Another property of allozymes is that they are functional proteins and therefore are not always selectively neutral. This can be both an advantage and a disadvantage. A lack of neutrality can be a disadvantage if a marker is being used to test whether or not populations are genetically distinct from one another. The free-swimming larvae of the American oyster (Crassostrea virginica) can travel relatively long distances if swept along on ocean currents. Populations that are not connected by currents may therefore be genetically distinct from one other, a hypothesis that was tested in a genetic survey of populations located along the Atlantic and Gulf coasts of the USA (Karl and Avise, 1992).
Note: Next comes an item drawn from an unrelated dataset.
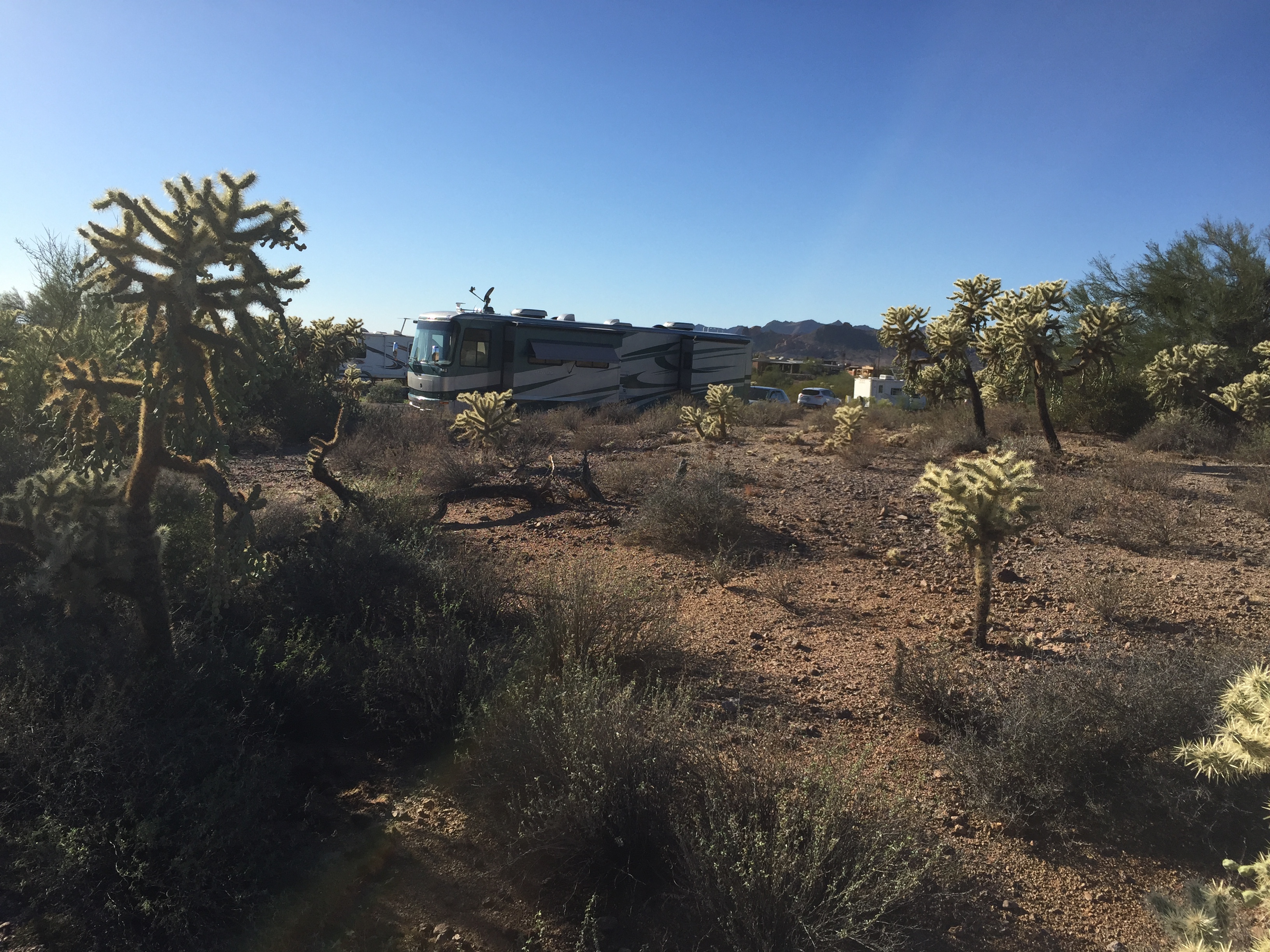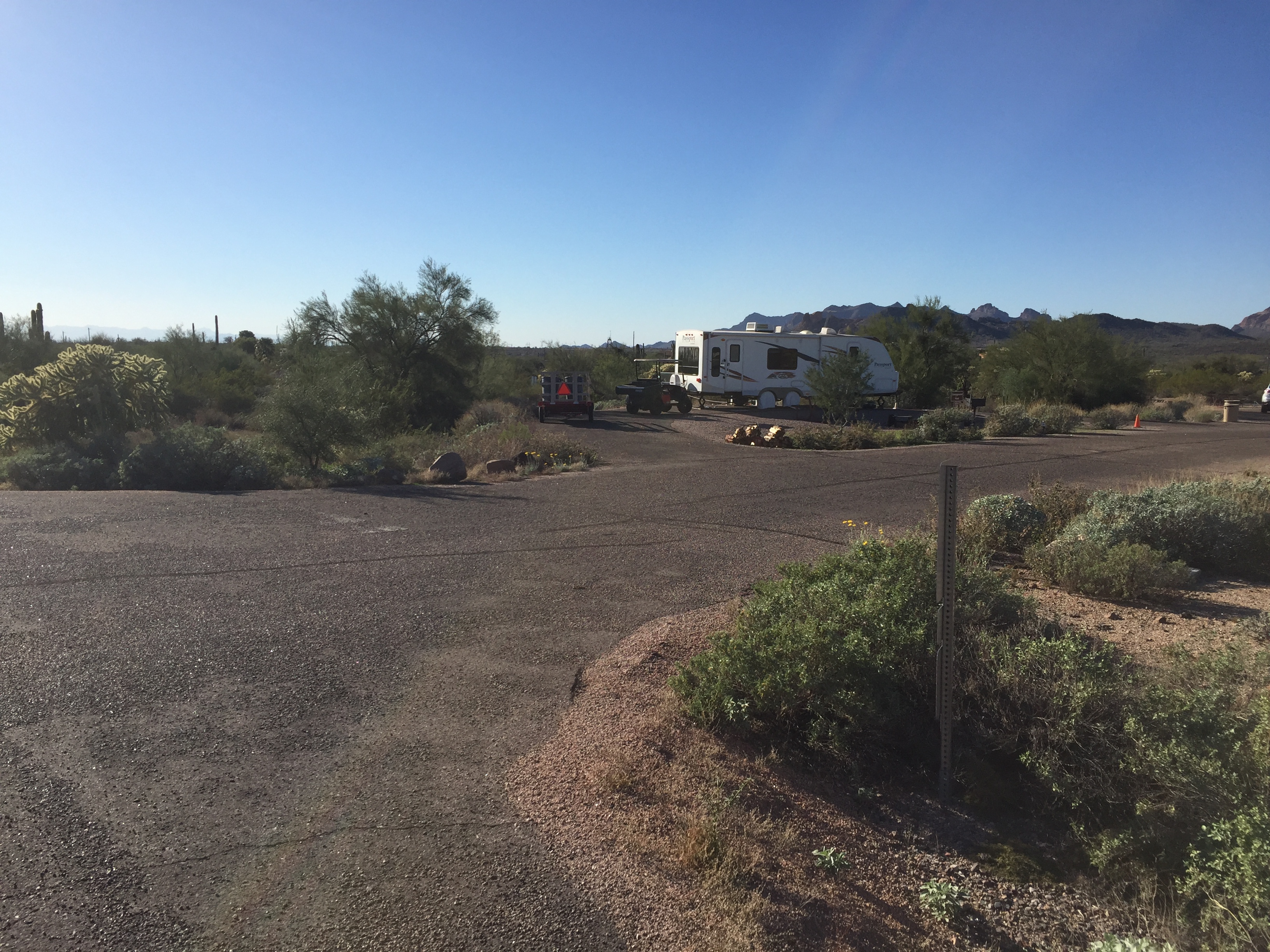 Setting: We enjoyed our time at this campground. Beautiful mountain views. Campsites only include water and electric, but a dump station is available. Campground is near the old mining town of Goldfield that has shops and restaurants and about 7 miles from shopping. Campsites are large with good seperation between sites. Many hiking trails with varying degrees of difficulty available throughout the park.

A comparison of mtDNA and six anonymous nuclear sequences clearly showed that populations around the Gulf of Mexico were, in fact, genetically distinct from those located along the Atlantic coast, a finding that is consistent with the expectation of very low dispersal between coastlines that are not connected by currents. Variation at six allozyme loci, on the other hand, revealed no genetic differences between the two geographical areas, presumably because natural selection has been maintaining the same alleles in different populations. If the researchers had looked at only allozyme data they probably would have concluded that larvae regularly travelled between the Atlantic and Gulf coasts, a finding that would have been difficult to reconcile with the ocean currents in that region.
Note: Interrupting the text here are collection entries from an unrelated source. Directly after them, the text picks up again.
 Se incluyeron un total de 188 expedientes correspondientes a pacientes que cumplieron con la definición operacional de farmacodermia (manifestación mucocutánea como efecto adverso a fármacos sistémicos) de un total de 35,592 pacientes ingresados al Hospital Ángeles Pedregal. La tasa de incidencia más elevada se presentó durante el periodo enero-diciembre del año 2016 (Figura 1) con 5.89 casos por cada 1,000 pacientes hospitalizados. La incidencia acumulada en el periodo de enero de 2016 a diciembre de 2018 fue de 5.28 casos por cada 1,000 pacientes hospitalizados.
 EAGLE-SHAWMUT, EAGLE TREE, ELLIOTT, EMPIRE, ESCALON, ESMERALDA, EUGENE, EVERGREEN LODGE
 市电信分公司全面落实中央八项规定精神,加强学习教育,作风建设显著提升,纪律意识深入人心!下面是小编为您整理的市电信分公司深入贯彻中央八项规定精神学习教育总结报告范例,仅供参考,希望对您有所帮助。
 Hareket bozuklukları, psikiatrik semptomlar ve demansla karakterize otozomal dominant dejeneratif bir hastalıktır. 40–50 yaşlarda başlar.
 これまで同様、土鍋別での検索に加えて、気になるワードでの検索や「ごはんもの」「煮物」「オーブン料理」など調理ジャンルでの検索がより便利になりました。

On the other hand, a non-neutral marker can be useful if we are looking for evidence of adaptation. Mead's sulphur butterfly Colias meadii showed some interesting patterns of variation in the glycolytic enzyme phosphoglucose isomer-ase (PGI), an enzyme involved in glycolysis, which provides fuel for insect flight (Watt et al., 2003). Because flight ability is related to fitness, the allele that confers the best flight ability should be selected for, and therefore a level of genetic uniformity may be expected at the locus coding for PGI. This prediction was supported only partially by a comparison of PGI alleles from C. meadii that were sampled from lowland (below the tree line) and alpine (above the tree line) habitats in central USA. Populations showed a high level of genetic uniformity over several hundred kilometres within habitats but a marked and abrupt shift in allele frequencies between habitats.
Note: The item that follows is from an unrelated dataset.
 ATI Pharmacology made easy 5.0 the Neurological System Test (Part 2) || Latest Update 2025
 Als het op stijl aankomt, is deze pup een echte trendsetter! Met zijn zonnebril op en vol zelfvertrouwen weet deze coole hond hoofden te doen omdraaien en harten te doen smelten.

Both of these trends are apparently driven by natural selection. Colias butterflies spend their adult life within a neighbourhood radius that seldom exceeds 1.5 km. These low levels of dispersal mean that genetic uniformity over hundreds of kilometres must be maintained by a selective force, in this case the relationship between PGI alleles and fitness. Selection also explains the contrasting allele frequencies between alpine and lowland habitats. Because the two habitats are delineated by the tree line, they may be expected to have different thermal (and other abiotic) properties. The activity of PGI varies with temperature, and the authors of this study suggest that alternative PGI alleles may be selected for under different thermal regimes (Watt et al., 2003).

The markers that we will be discussing in the rest of this chapter all target variation in DNA as opposed to proteins. Although allozymes are often subject to selection pressures, DNA markers are more likely to be neutral because they often target relatively variable sequences that, in turn, are less likely to be selectively constrained. However, it is important to bear in mind that not all DNA markers are selectively neutral. In some cases we will specifically discuss non-neutral DNA markers. In other cases neutrality may be assumed, although it is always possible that an apparently non-functional region of DNA is subject to selective pressures that are acting on a genetic region to which it is linked-the so-called hitch-hiking effect (Maynard Smith and Haigh, 1974). A more detailed discussion of genetic markers and natural selection is included in Chapter 4.

Restriction fragment length polymorphisms

The first widespread markers that quantified variation in DNA sequences (as opposed to proteins) were restriction fragment length polymorphism (RFLPs).

RFLP data are generated using restriction enzymes, which cut DNA at short (usually four to six base pairs), specific sequences. Examples of restriction enzymes include AluI, which cuts DNA when it encounters the sequence AGCT, and EcoRV, which cuts in the middle of the sequence GATATC. Digesting purified DNA with one or more restriction enzymes can turn a single piece of DNA into multiple fragments. If two individuals have different distances between two restriction sites, the resulting fragments will be of different lengths. The RFLPs therefore do not survey the entire DNA sequence, but any mutations that add or remove a recognition site for a particular enzyme, or that change the length of sequence between two restriction sites, will be reflected in the sizes and numbers of the fragments that are run out on a gel (Figure 2.5).

g. Allele 1

ra E

Figure 2.5 Three different RFLP genotypes result from sequence differences that affect the restriction enzyme recognition sites (designated as /). At this locus, individuals A and B are homozygous for alleles that have two and three restriction sites, respectively. Individual C is heterozygous, with two restriction sites at one allele and three restriction sites at the other allele. The numbers of bands that would be generated by the RFLP profiles are shown in the resulting gel image

Analysis of RFLPs can be done on either an entire genome (nuclear or organelle) or a specific fragment of DNA. The traditional method involves digesting DNA with one or more enzymes and then running out the fragments on a gel. These are then transferred onto a membrane that is placed in a solution containing multiple single-stranded copies of a particular sequence, all of which have been labelled radioactively or fluorescently (this is known as a probe). The single-stranded probe will hybridize to the bands that contain its complementary sequence, and these bands then can be identified from the radioactive or fluorescent label. The number of bands produced will depend on the region surveyed and the enzyme used. For example, a digestion with AluI produces around 341 bands in tobacco chloroplast DNA, whereas EcoRV produces only 36 bands (Shinozaki et al., 1986). The same enzymes generate approximately 64 bands and three bands, respectively, in human mitochondrial DNA (Anderson et al., 1981). A comparison of the number and sizes of labelled bands among individuals

Individual A Individual B Individual C







provides an estimate of overall genetic similarity. This method is useful for screening relatively large amounts of DNA but is fairly cumbersome and time-consuming.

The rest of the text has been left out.